1.2 Changes to Specifications, Modifications and Upgrades. Sykes
and SystemSoft agree to cooperate with each other in connection with
reasonable requests for modifications to the Specifications, modifications
and upgrades to SystemWizard Premiere Software and the Service Offering.
If either party requests a modification of the Specifications, or a
modification or upgrade to the SystemWizard Premiere Software or the
Service Offering that requires substantially more time and/or expense from
the developing party than that required of the requesting party, then the
developing party will notify the requesting party in writing of the
additional time and/or expense that such change requires and the
requesting party shall be permitted to withdraw such request. Any
modification of the Specifications, any modification or any upgrade to
System Wizard Premiere Software or Service Offering must be consented to
by both parties, which consent shall not be unreasonably withheld.
2. Grant of License.
X. Xxxxx hereby grants to SystemSoft a worldwide non-exclusive
license in all intellectual property for Sykes Software, including a
worldwide non-exclusive copyright license to use, execute, reproduce,
display, perform, transfer, transmit, and distribute, use on-line, and
make derivative works of Sykes Software solely for purposes of
integrating, marketing, distributing and licensing Sykes Software as part
of SystemWizard Premiere Software, and the right to authorize a third
party to do any of the foregoing solely for the benefit of SystemSoft, all
in accordance with the terms of this Agreement. Sykes Software may not be
sublicensed, sold or otherwise distributed separately. SystemSoft agrees
not to reverse assemble, reverse compile or otherwise translate Sykes
Software, by itself, or as a part of SystemWizard Premiere Software.
SystemSoft agrees not to use, execute or perform the Sykes Software either
alone or with other software, to provide services.

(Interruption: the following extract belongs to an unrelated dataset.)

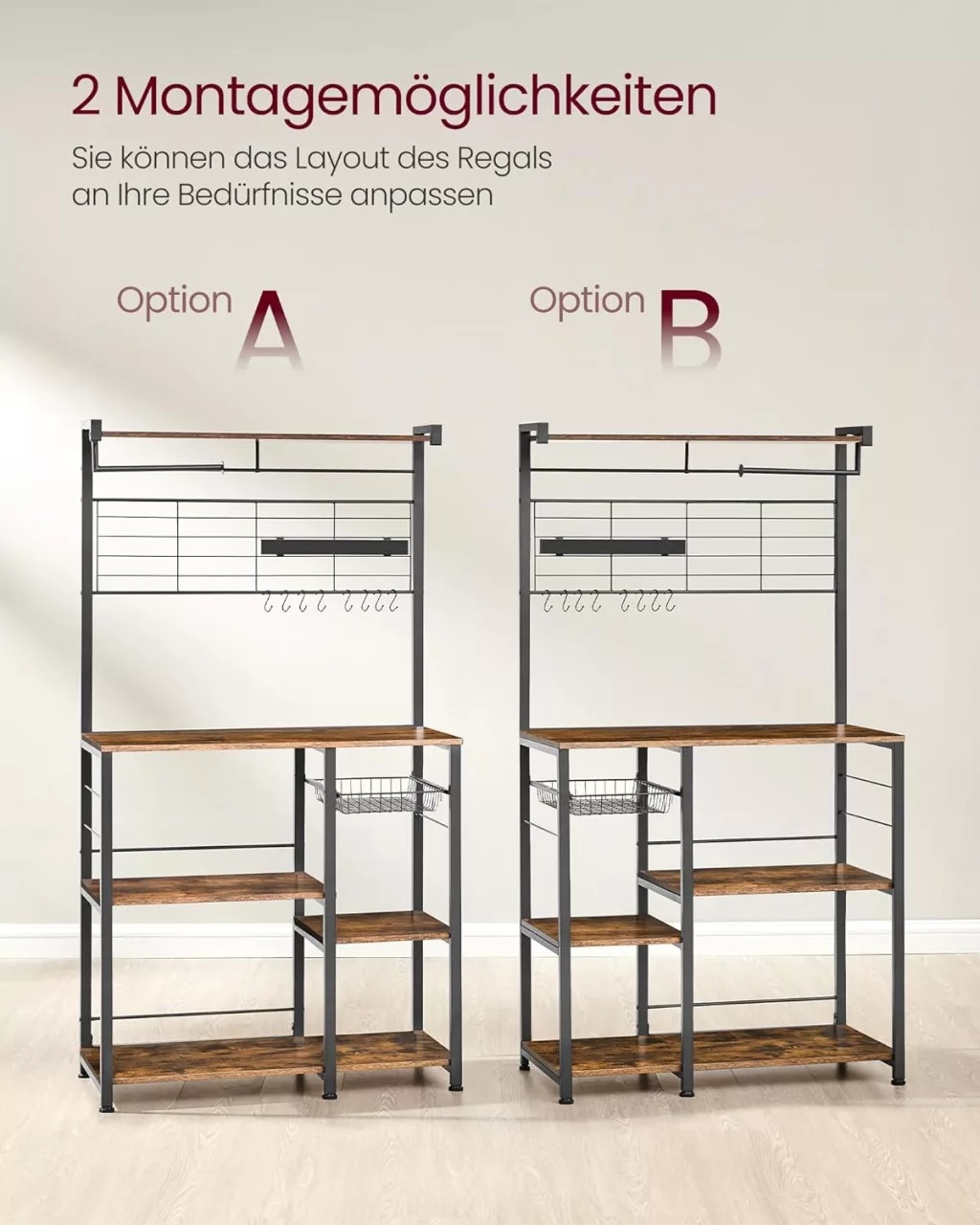 Az állvány rugalmas kialakítása két különböző szerelési opcióval rendelkezik, így személyre szabható az Ön konyhájának igényei szerint. A stabil acélváz és a minőségi faforgácslap polcok garantálják a tartósságot és a biztonságos használatot.

B. SystemSoft hereby grants to Sykes a worldwide non-exclusive
license in all intellectual property for SystemSoft Software, including a
worldwide non-exclusive copyright license to use, execute, reproduce,
display, perform, transfer, distribute, transmit, use on-line, and make
derivative works of SystemSoft Software for the purposes of marketing,
distributing and licensing SystemWizard Premiere Software and integrating
it into Total Service Solution and for purposes of providing services,
including telephone and on-line services using the Total Service Solution,
and the right to authorize a third party to do any of the foregoing solely
for the benefit of Sykes, all in accordance with the terms of this
Agreement. SystemSoft agrees to grant to Sykes a nonexclusive license
with respect to SystemWizard Client, SystemWizard Builder, SystemWizard
Server and SystemWizard Technician on an as-needed basis with the same
license rights as granted for SystemSoft Software, and on the most
favorable royalty on which SystemSoft has licensed such products, to be
used as a part of Total Service Solution. Neither SystemSoft Software,
SystemWizard Technician nor SystemWizard Premiere Software may be
sublicensed, sold or otherwise distributed separately.

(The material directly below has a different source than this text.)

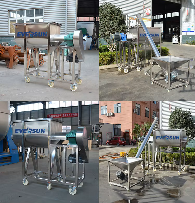 The Animal Feed Ribbon Mixer is designed to blend various materials, including dry powders, granules, animal feed ingredients, chemicals, and plastics.

C. SystemSoft hereby grants to Sykes a worldwide non-exclusive
license in all intellectual property for the human readable source code
for SystemWizard Technician and VoiceView (and Remote Control, to the
extent SystemSoft is legally authorized to do so) and other documentation
associated with such source code (the "Source Code"), including a
copyright license to use, execute, reproduce, display, perform and prepare
derivative works of the Source Code in exchange for the payment of
$2,000,000 upon the execution of this Agreement. Such license shall not
be interpreted as granting Sykes any ownership interest in the Source Code
or any portion thereof. In the event SystemSoft is unable to deliver
Source Code for Remote Control, SystemSoft shall, at its sole cost and
expense, modify and create derivative works from such Source Code in
accordance with Sykes' specifications and deliver object code
functionality that enables Sykes to achieve its Remote Control objectives
as specified in Exhibit A hereto. Any resulting intellectual property and
derivative works shall be licensed on a world-wide basis, to Sykes for all
purposes including the license to use, execute, reproduce, display,
perform, transfer, distribute, transmit, use on-line, and make derivative
works.
D. Neither Sykes nor any employee or agent of Sykes shall disclose
or cause, suffer or permit to be disclosed the code, documentation or
other information contained in the Source Code to any third party without
the prior written consent of SystemSoft. Sykes shall preserve the code,
documentation or other information contained in the Source Code with the
same degree of care and security with which Sykes preserves its own
confidential information, but in no event less than a reasonable degree of
care and security, and any physical copy or form of the code,
documentation or other information contained in the Source Code shall be
maintained in a secure, locked facility. Sykes shall not sell, assign,
license, distribute, sublicense or otherwise transfer the Source Code.
X. Xxxxx shall not, directly or indirectly, use or copy the Source
Code to obtain, derive or create the structure, methods or techniques
contained in the SystemSoft Software to create a product which performs
the functions of the SystemSoft Software or which otherwise competes with
the SystemSoft Software.
F. SystemSoft shall not, directly or indirectly, use or copy Sykes
Software to obtain, derive or create the structure, methods or techniques
contained in the Sykes Software to create a product which performs the
functions of Sykes Software or which otherwise competes with Sykes
Software.
X. Xxxxx agrees that the Source Code is licensed to Sykes for the
sole purpose of integration into ETSC and Service Offering and shall not,
directly or indirectly, use (or permit or direct anyone else to use) the
Source Code, or any information contained or derived from the Source Code,
for the purpose of designing, developing, creating, modifying or upgrading
any non-Sykes Software product of any type or description (other than
integrating Source Code into Service Offering).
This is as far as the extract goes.